A recent prospective epidemiological study60 of Swedish Mammography Cohort investigated the association between coffee consumption and stroke incidence in 34,670 women without a history of CV disease or cancer at baseline who were prospectively followed for mean of 10.4 years. After adjustment for other risk factors, coffee consumption was associated with a statistically significant lower risk of total stroke, cerebral infarction, and subarachnoid hemorrhage but not intracerebral hemorrhage. The association between coffee consumption and cerebral infarction was not modified by smoking status, body mass index, history of diabetes or HTN, or alcohol consumption. An analysis of a prospective group of over 83,000 women from the Nurses' Health Study who were free of CV disease and cancer at baseline found that coffee consumption was associated with a modest but statistically significant reduction in the risk of stroke during the 24-year follow up period.61 (Figure 1)
In contrast, the Honolulu Heart Program with 25 years of follow-up of non-smoking and hypertensive men concluded that the risk of thromboembolic stroke was higher for men who consumed 3 cups of coffee per day compared to those who consumed no coffee (RR, 2.1; 95% CI, 1.2 to 3.7).62
Figure 1: Coffee consumption was associated with a significantly reduced risk of stroke in women (p for trend = 0.003) (c = cups of coffee).61
The current literature suggests that antioxidants in coffee (such as chlorogenic acid) may improve glucose metabolism and insulin sensitivity.56 Short-term studies have shown that acute administration of caffeine can induce insulin resistance and impaired glucose tolerance.63,64 However, several prospective long-term studies have shown that consumption of coffee or tea is associated with improved insulin sensitivity and better control of postprandial glycemia in patients with T2DM.55,65,66A recently publish randomized study found that, consumption of 5 cups of coffee per day increases adiponectin as compared to no coffee consumption.21 Increase in plasma adiponectin concentration leads to decreased insulin resistance.67 Caffeine acutely activates 5' adenosine monophosphate-activated protein kinase and insulin-independent glucose transport in skeletal muscle.68 Long-term caffeine consumption up regulates insulin-like growth factor 1 signaling, that in turn enhances insulin sensitivity as well as insulin secretion in a rat model.69
Currently available data suggests that long-term coffee consumption is associated with a decreased risk of T2DM.70-74 (Figure 2) Systematic review of 9 cohort studies comparing minimal to low coffee consumption (< 2 cups/day) to that of > 6 cups/day for risk of developing T2DM. The study concluded that the risk of developing T2DM was lowest in subjects who drank > 6 cups daily (RR 0.65; 0.54-0.78) and significantly reduced for subjects who consumed four to six cups daily (RR 0.72; 0.62-0.83).75 These associations did not differ by sex, obesity, or region, including the US, Europe, and Asia.

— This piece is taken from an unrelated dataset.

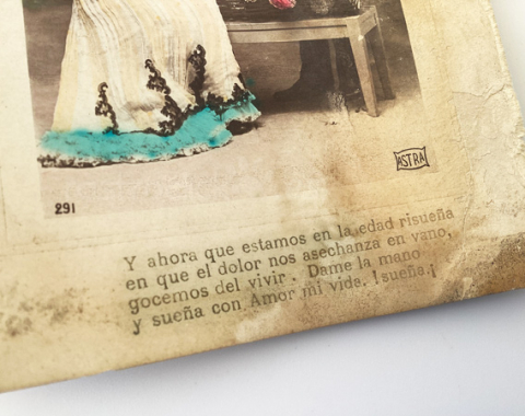 Este tipo de versos era muy típico de las postales sentimentales vendidas en España y América Latina.

A modest inverse association was also seen for decaffeinated coffee.
The Nurses' Health Study, a prospective study of over 88,000 women aged 26 to 46 years, found that the risk of T2DM was lower with daily coffee consumption in a dose-dependent fashion, whereby even for small amounts of coffee on a daily basis reduced risk.72 (Figure 4) Associations were similar for non-caffeinated and caffeinated coffee; tea consumption did not affect risk of T2DM.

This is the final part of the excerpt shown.